Franklin20's picture

 For my project I was really interested in the quote by a youtuber Tyler Oakley: “Just because I make videos doesn’t mean that I have to make the same kind of video every time…people that make videos are not just one dimensional who produce one thing for one type of person every single time.” (Tyler Oakley, Save the Drama Fo’ Yo’ Mama). For my project, I wanted to experience representing myself on youtube.

Below are two videos. For my Visual Anthropology class, the students were challenged to make a Video Biography (“Video biography #1”). Then I made a supplement video biography(“Video biography #2”). Video Biography #1 and #2 are compiled together and are in the first youtube video entitled "Video Biography". The second video, “Little Pieces,” is comprised of footage from my personal life during the last three years. I made this video this week to both augment my Visual Anthropology project and so that I could create something new for a creative project for GIST.

One of the most anxiety provoking aspects of this project was figuring out how I was representing myself on the Internet. My first video biography (video biography #1) is completely fictional. I re-staged a jazz combo that I dance in Jazz Ensemble for a video project. My goal was to highlight some of my experiences as a dancer, and experiment with filmic staging and editing. I had two main concerns when I uploaded this video to youtube: first, that people would think that I was super arrogant and cocky (considering that I danced to the song “I’m A Monster” by The Ranger$) and also that I would be judged on the dancing (which is not as good as it is when we do it in the studio where we aren’t trying to do turns on pavement, were we aren’t freezing cold, where we have more space, and where we aren’t wearing such bulky clothing). Interestingly, I feel that video biography #1 better represents who I am than video biography #2 which is made up of footage of a real performance that I was in, interspersed with personal footage of my life and rehearsals. The reason why I feel the first video characterizes me better is because it is so tongue-in-cheek. Those who know me well know that I do not take myself very seriously, that I like hip hop music (both of these factors went into my song selection), that my favorite color is purple (which is why the dancers wore something purple), and that I primarily dance at Bryn Mawr (I started dancing last year and the only classes that I have ever taken were at Bryn Mawr). The other video seems a bit too sentimental to suit my personality. Maybe it is because of the song (“Please Don’t Go” by Mike Posner) which is about being heart broken and maybe because interspersing video montages of my personal life seems incredibly sentimental and indulgent; I don’t know, I just feel that the first version is more representational about who I am.

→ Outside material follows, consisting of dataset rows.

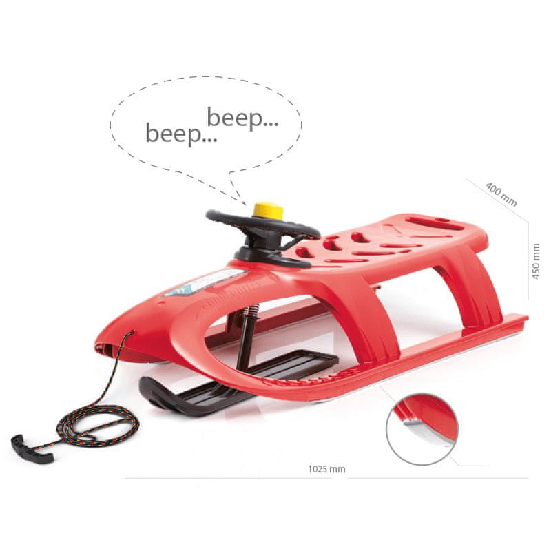 Sani so izdelane iz visoko odporne plastike in opremljene z jeklenimi drsniki, ki zagotavljajo popoln zdrs po snegu.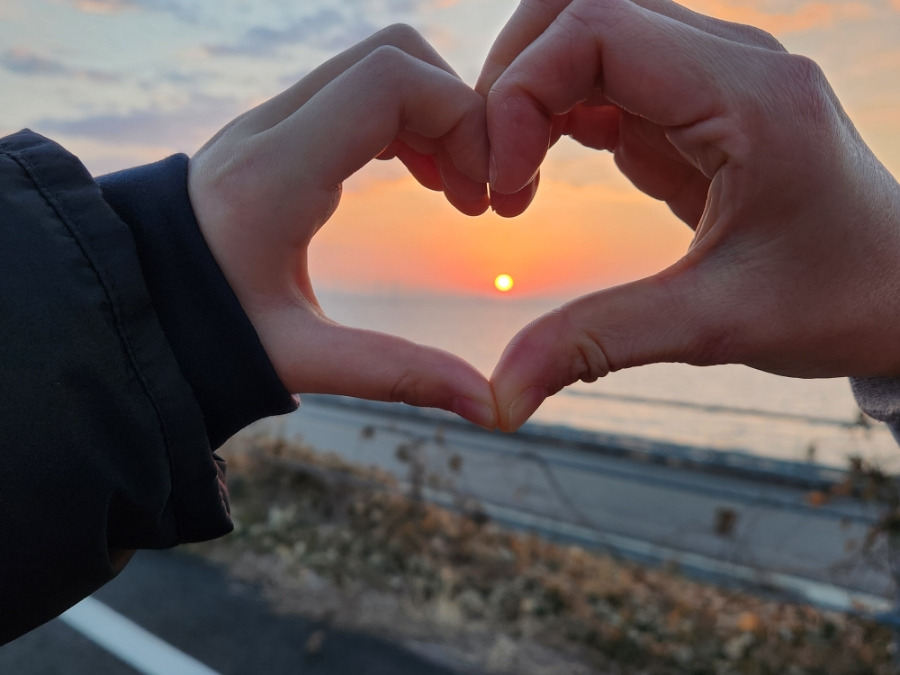 사진은 아내와 둘째 아이가 함께 만든 손하트 속으로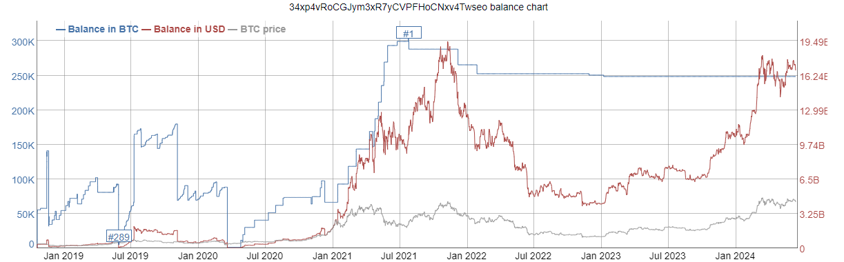 Binance vlastní cold wallet, ktorá je najväčšou peňaženkou na bitcoinovej sieti. V súčasnosti sa na nej nachádza 248 597 BTC, no maximum bolo dosiahnuté v júli 2020 na úrovni 300 000 BTC. Počas roku 2020 a 2021 došlo k obrovským presunom na peňaženku, ktorá ešte v apríli 2020 obsahovala iba 1 370 BTC.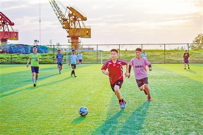 4月9日,在利用廢舊碼頭改造而成的安徽省銅陵市濱江生態體育公園,足球愛好者競逐綠茵,不遠處的碼頭吊臂高高矗立。近年來,各地注重盤活城市空閑土地,通過新建或改擴建體育公園、公共體育場館等,加大全民健身場地設施供給。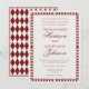 A timeless blend of classic and modern design, this wedding stationery and day-of collection features a merlot red harlequin pattern inspired by Old Hollywood glamour and old-money luxury. Perfectly curated for your bridal shower, rehearsal dinner, and wedding day, this collection brings a refined, fashion-forward statement to every celebration moment.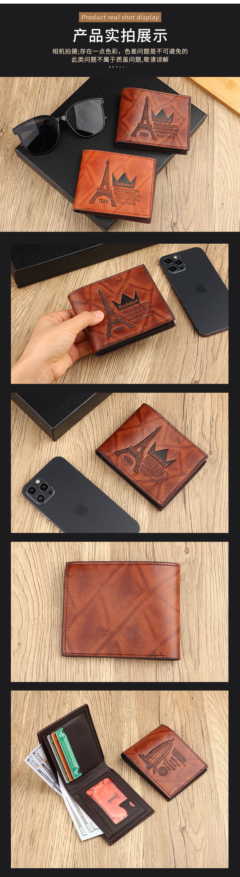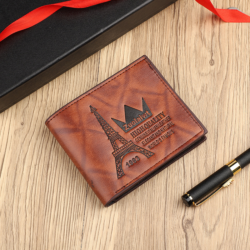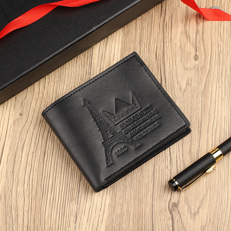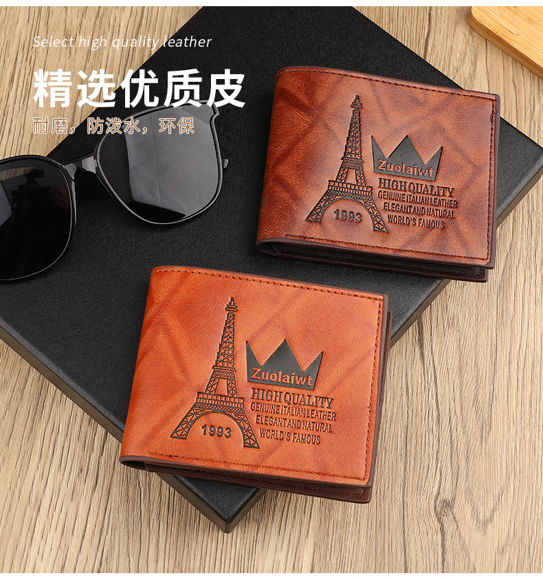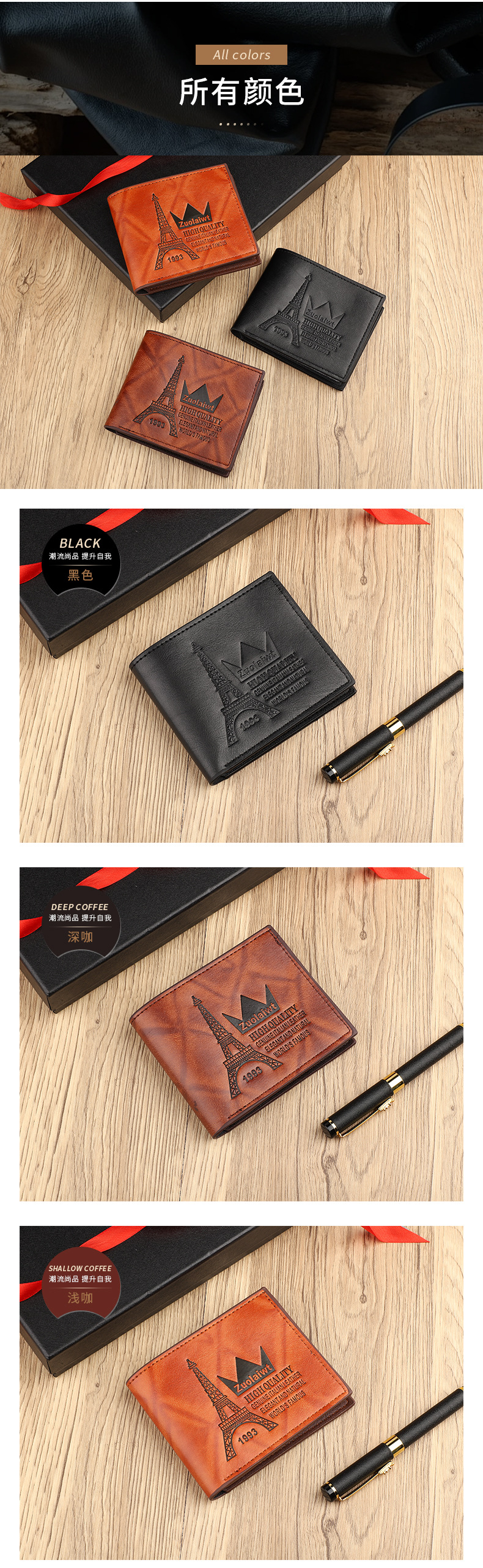 아마존 국경 뜨거운 남자 지갑 짧은 작은 카드 가방 파리 에펠 탑 양각 지갑 동전 지갑스토어 가기

            The reason why I feel that uploading the first video, Video Biography #1, is so anxiety provoking is because it can be easily misconstrued. It is comprised of a lot of coded information. Factors such as the song choice, the location, the costumes of the dancers, etc all convey biographical information about who I am. Yet, to many of those who look at the video, they just see a hip hop dance not notice the symbolic significance of various parts of the video. This ultimately asks, where is information formed? Is it in the intention of the speaking subject or is in the reception of the person perceiving the stimulus. Based on my experiences with this project, I would argue that it is a mixture of both. The speaking subject is conveying potential information when the subject puts out a stimulus. Even if the viewer does not perceive that as information, it does still potentially have informative properties. However, the formation of meaning from this potential information is still very focused on the perceiver who must weed out what he or she views is noise and what is information.

            To augment this project, I uploaded a video of a collection of footage that I have from the past few years of my life. Theoretically, this would be more biographical than the other videos; it was all taken from real footage from my life. Yet, there does seem to be a hint of staging in this footage. The subjects who are filmed in the video are aware of the camera’s presence; sometimes the subjects even talk to the camera. The awareness of the camera alters the subject’s behavior. Even if it is as simple as angling your body so that it is captured by the camera during a conversation or making looking up at the camera, even a slight change in the subjects behavior alters the tone of the event and is different than if there was not a camera presence involved. This is pertinent to Barad’s discussion of how looking a particle affects the behavior of the particle. In a filmic perspective, the seeing eye of the camera, no matter how big or small a presence it may have, has an affect on the behavior of those around. 

 

 

Comments

Liz McCormack's picture

truth in art

Great to see these creative projects.  The consideration of the huge informational content in visual media was interesting--so much more complex than for example, simple spoken text, but essentially made up of the same elements--encoding through content choices, staging, music, editing, etc and then the decoding by an audience.  Your reflection on which videos you felt better represented you and why, anticipated particular decodings you knew would not accurately represent you.   So, is that where the compelling nature of art comes in?  It is highly deliberate and full of intentiality, and as a result, somehow manages to portray a "truth" better than the real thing--  e.g., your Video Biography #1.